I suspect if he had a cool furnace like that he wouldn't have had any trouble melting gold.


----------



## butcher (Nov 16, 2008)

Harold would it help if he added gold? also I am wondering if he didn't have a small amount of gold and copper Etcetera powder, and alot of borax, without enough heat.


----------



## Cursed (Nov 18, 2008)

vocabulary it has been 29 years since i took college chemistry and i dont remember squat. I think that we used somethingg called a periodic table but I'm not certain. Its a bit foggy back there. They say the first thing to go is the mind and i'd say they are right!

And yes i can come up with a photo as i do have a pretty good digital camera at my disposal.

So what i did was after rinsing my product produced by the Pcb's and soaking them in muratic acid for about 45 days or there abouts was I heated it up in the crucible with my cuttting torch not at full flame of course but pretty darn hot no doubt. I didn't turn the crucible orange but everything inside of it wa scertainly and i was unable to discern what was the borax glazing and what was my product. It all appeared to be the same. I suspect it is because the amount of gold was minimal. None the less i know there is gold present but i do think i was expecting it to produce a puddle bigger than what i got. I dont think i got a puddle at all to be honest it is probably more likely something along the lines of a thick glazing. In any case i am not certain how to post a pic but i am going to give it a shot.


----------



## Platdigger (Nov 18, 2008)

How big is this crucible?

Looks like there may be some small gold beads outside of the red.
Randy


----------



## qst42know (Nov 18, 2008)

All those colors indicate your gold was not clean at all from the prolonged soak in HCL. Skipping the dissolving step included much of the metals the gold was plated onto. Harold's advice of a highly fluid flux of soda ash and fluorspar and some careful torch work you should be able wash all the residues to the center and then pour it out. Use your torch to push the residues out of the dish. You should be able to save your gold and the melt dish.


----------



## Cursed (Nov 18, 2008)

what i had here before i slapped the heat to it? There is a lot of the green PCB material as i let the boards soak a bit to long i think. Or should i add it to the mess I have already made and increase the the volume of what I have now thinking it will make it easier to recover if there is a greater volume...... humm Thanks.

Oh and i found a 1940 edition of Hokes book through my public library I just have to wait for it to come down from the university of Nevada. I'd buy one but i was just informed yesterday that i will be eout of a job the end of next week hope gold prices take a big spike!!!

and this is probably a stupid question but im on a roll and you all have been endlessly helpfull Where do i obtain potash?and isn't there a nother name for it?


----------



## Harold_V (Nov 18, 2008)

butcher said:


> Harold would it help if he added gold? also I am wondering if he didn't have a small amount of gold and copper Etcetera powder, and alot of borax, without enough heat.
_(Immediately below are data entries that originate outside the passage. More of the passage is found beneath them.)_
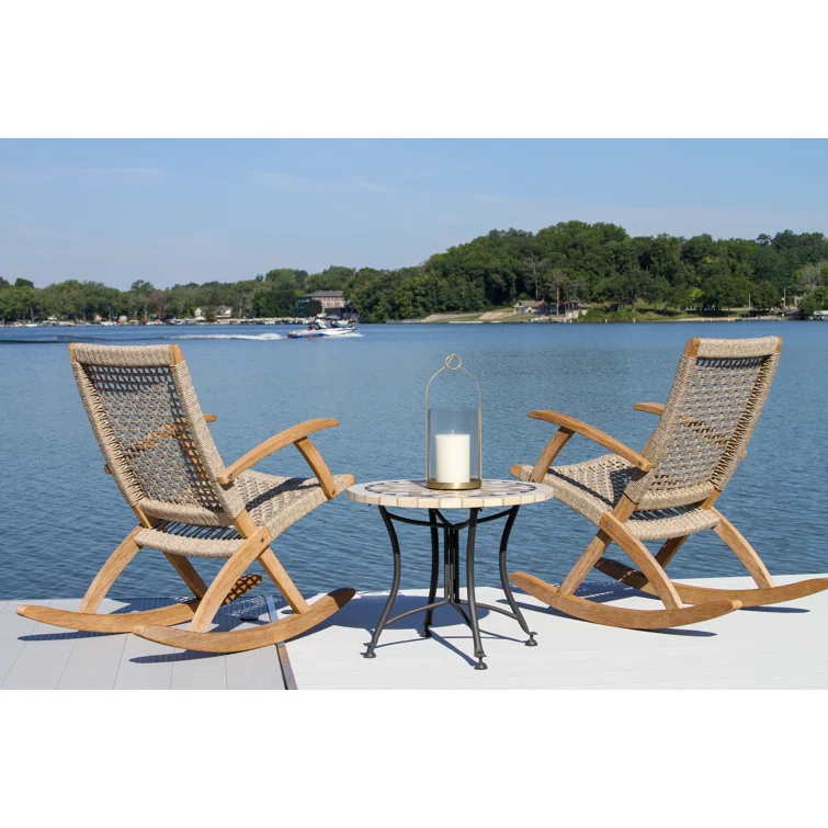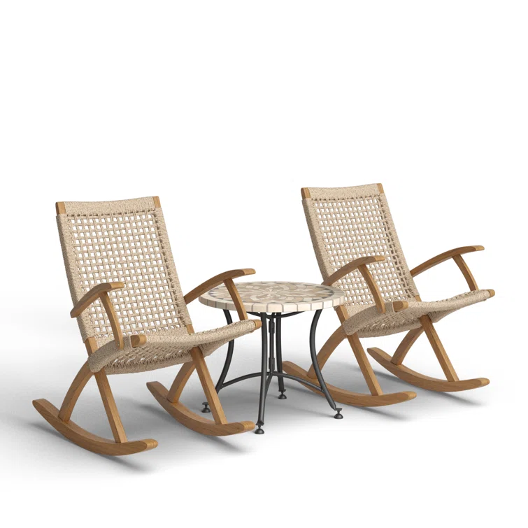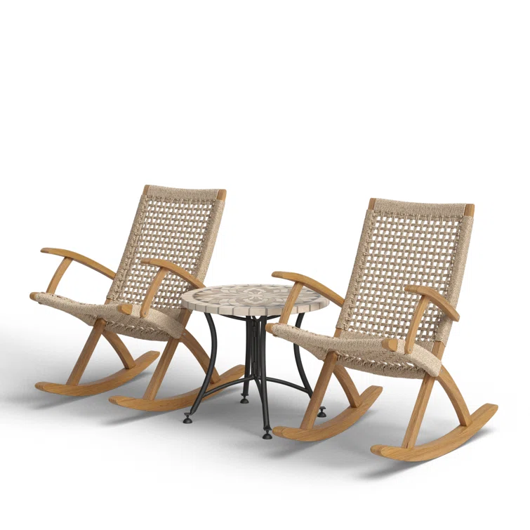 This 3pc. rocking chair set is a patio's dream. The modern rocking chair has been affectionately called the millennial's rocker. The chair features an updated style with all the classic comfort of your grandmother's porch rockers. The set is finished with a Spanish marble accent table.
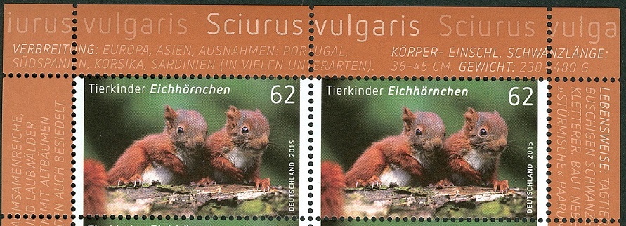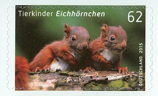 Diese 2015 erschienene Sondermarke zeigt Eichhörnchen im Rahmen der Serie Tierkinder.
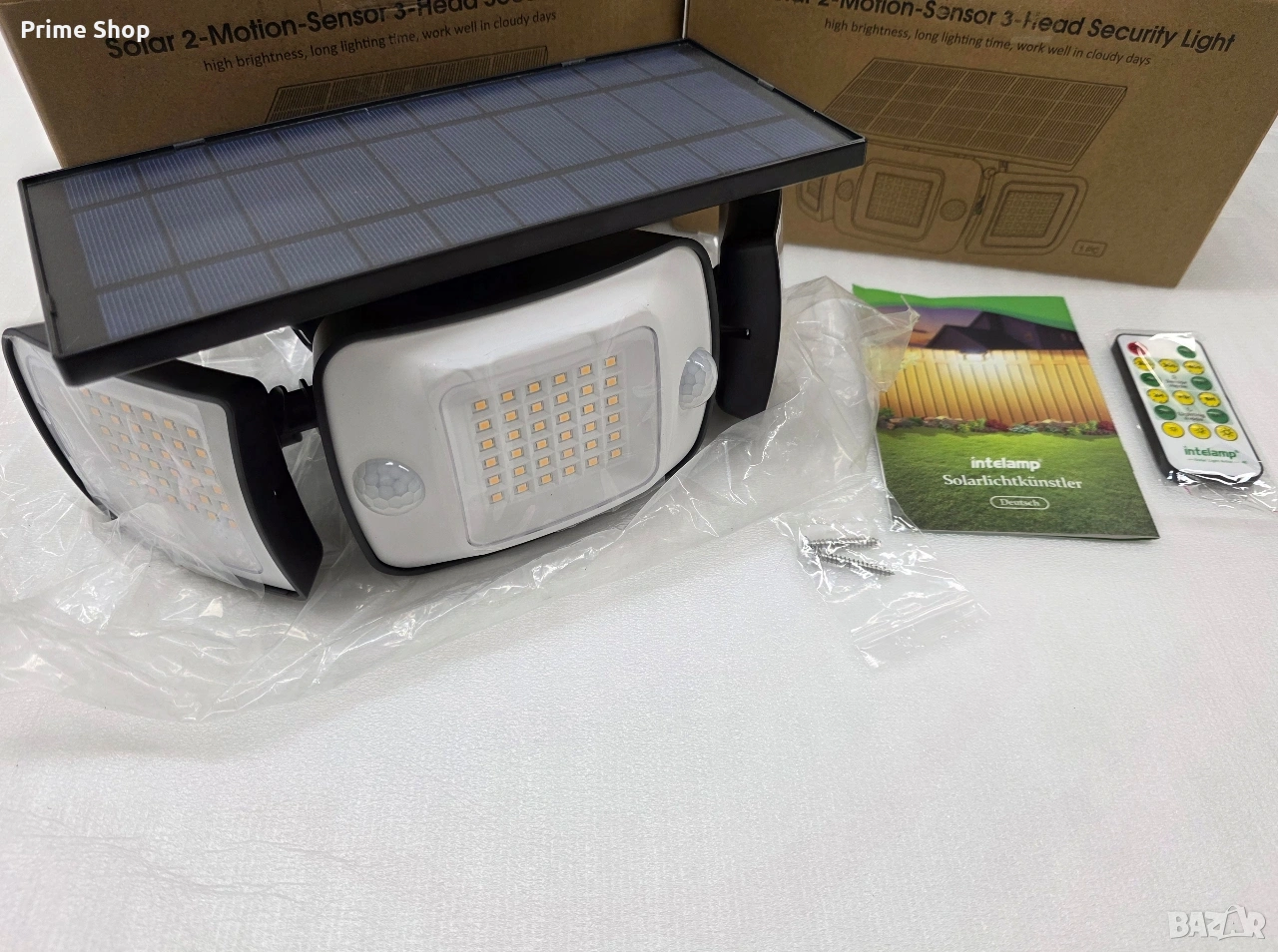 * 1 x Соларна LED лампа Intelamp с три светлинни глави

There's little doubt, the problem was a serious amount of contamination along with precious little gold. Otherwise the flux wouldn't be so discolored. 

Yes, adding gold would help, anything that functioned as a collector would, but I think I'd recommend silver instead of gold. I'd get the dish hot, add more borax, some soda ash, then include a small amount of silver. The fluorspar could be eliminated, but it's nice to know for the time when your flux is very viscous. 
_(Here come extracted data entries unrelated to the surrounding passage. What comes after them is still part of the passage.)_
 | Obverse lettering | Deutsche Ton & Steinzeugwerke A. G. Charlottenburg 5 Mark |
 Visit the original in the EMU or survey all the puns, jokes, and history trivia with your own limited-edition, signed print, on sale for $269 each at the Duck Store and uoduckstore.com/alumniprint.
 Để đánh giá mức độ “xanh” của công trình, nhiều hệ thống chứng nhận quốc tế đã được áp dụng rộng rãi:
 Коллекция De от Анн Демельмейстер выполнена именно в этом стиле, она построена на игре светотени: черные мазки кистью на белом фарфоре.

By rolling the silver around the dish, you'd capture the gold with little trouble. That would permit fast and easy parting of the gold to eliminate base metals. If (pure, not alloyed) gold was to be used, it's possible the base metal process could be eliminated by dissolving the relatively high purity gold directly in AR. Both systems work, the first one has the potential to yield a higher quality of gold----at the expense of more work, however. 

The recovered metal will need refining, regardless of the method used to recover the values. Extracted gold rarely has adequate quality to avoid a refining process----depending on the objective of the individual at hand. Some guys may enjoy recovering and are happy to melt and sell. Others, with an objective of producing the best possible quality, understand that even one refining is generally not sufficient. 

There's no right or wrong, but if an individual desires to become recognized as a competent refiner, what he doesn't want to do is put low quality on the market. Gold that is contaminated can yield serious problems for the end user, depending on how the gold gets used. If you're refining for the jewelry industry and market lead contaminated gold, you'll have shot yourself in the foot. 

Think quality, guys. You'll never be sorry for doing a good job.

Harold


----------



## qst42know (Nov 19, 2008)

Cursed said:


> Oh and i found a 1940 edition of Hokes book through my public library I just have to wait for it to come down from the university of Nevada. I'd buy one but i was just informed yesterday that i will be eout of a job the end of next week hope gold prices take a big spike!!!



Links to the online version of Hoke's book can be found here on the forum in the Books section. Try this link.

http://www.filesend.net/download.php?f=bbf3605938d177072edf8d1c6ca1365a

Postings by Lazersteve have links to his site to see videos of the required processes.


----------